Wednesday, July 17, 2019

Winning In Hollywood

Remember those hilarious titles that would start like "How To Break Into Hollywood!" Or "100 Secrets To Stardom!"
Guess not. They were old titles I recall seeing in libraries out here. Guess the person who bought the book had reached stardom and donated it.

Probably not.
Look, I REALLY don't want you to think I'm an angry curmudgeon who wants you or everyone to fail. Honestly, I bet you have more talent than the people working today (especially Leo DiCaprio...man that guy sucks, I truly don't get his appeal). The point is to keep doing it because you love it not because you're trying to A) get the world to love you (because they'll most likely hate you more) B) being famous.
Famous isn't the famous it was before. And that saddens me.
Famous before meant a touch of...class. Today...Khardashian.
To me, in order to move forward in this town, there is nose to grindstone and a lot of disappointment or delusion.

There's an episode of "Growing Pains" (an 80's-90's sitcom) where, after having high school theater acclaim, Mike Seaver decides to enroll in theater classes in college.

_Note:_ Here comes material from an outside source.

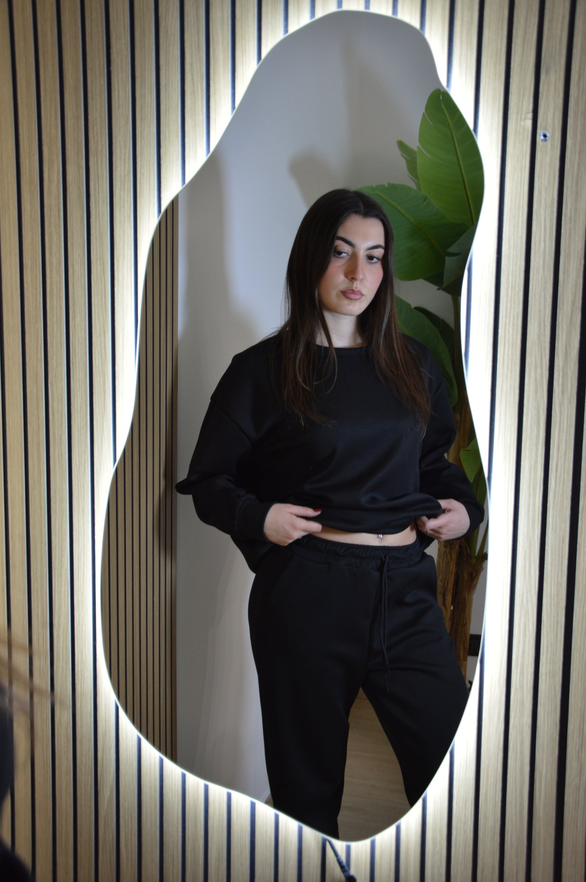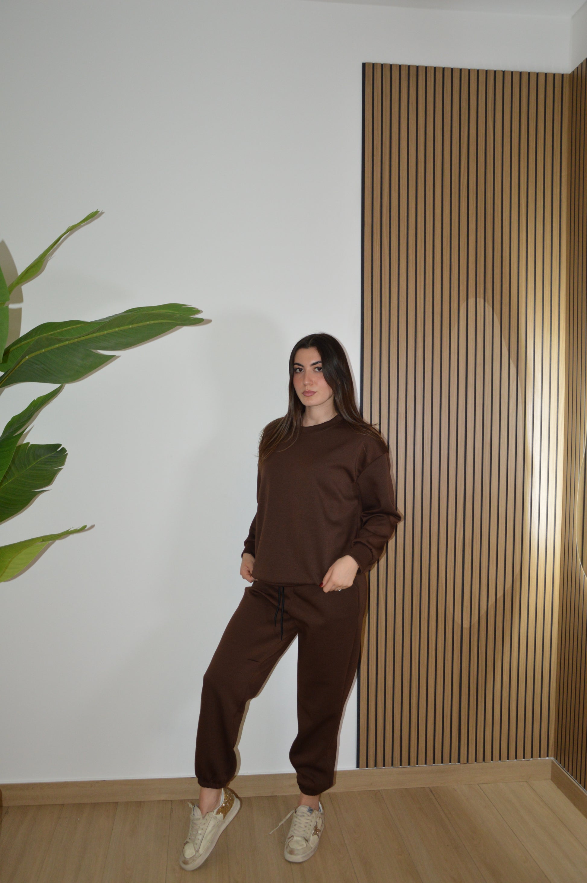 Tuta con felpa over, pantaloni con elastico in vita e polsini

His teacher is a stage affected douchebag who quotes Ibsen and starts off the semester with an incredibly corny acting technique. Mike clearly feels he is in over his head, not having read any classical theater and only having done a Thornton Wilder high school gimme play called "Our Town" (saw my friend do this in Warsaw, Indiana...shudder).

At the end of the week, the students in this class are suppose to bring in audition notices and read them aloud. The others bring Broadway notices or hoity-toity plays, Mike...brings in one for an audition for a television spot for a fish and chips restaurant. The class erupts in laughter. So low brow. The professor snobbily dismisses this as frivolous.

Later, Mike tries his best to immerse himself in these plays and has no clue of Shakespeare's language. Distraught, he goes to audition for the fish and chips commercial. There he runs into...two of his classmates! They shamefully backpedal and admit that they haven't done anything of any merit and start from scratch. And then...the kicker...
...the audition room...the door opens and the professor emerges thanking the people in the audition room for the role. He gotten the part, that he had earlier shamed Mike in presenting.

For those paying attention...this is a lesson in ego. Regardless of content or pride, one still has to survive.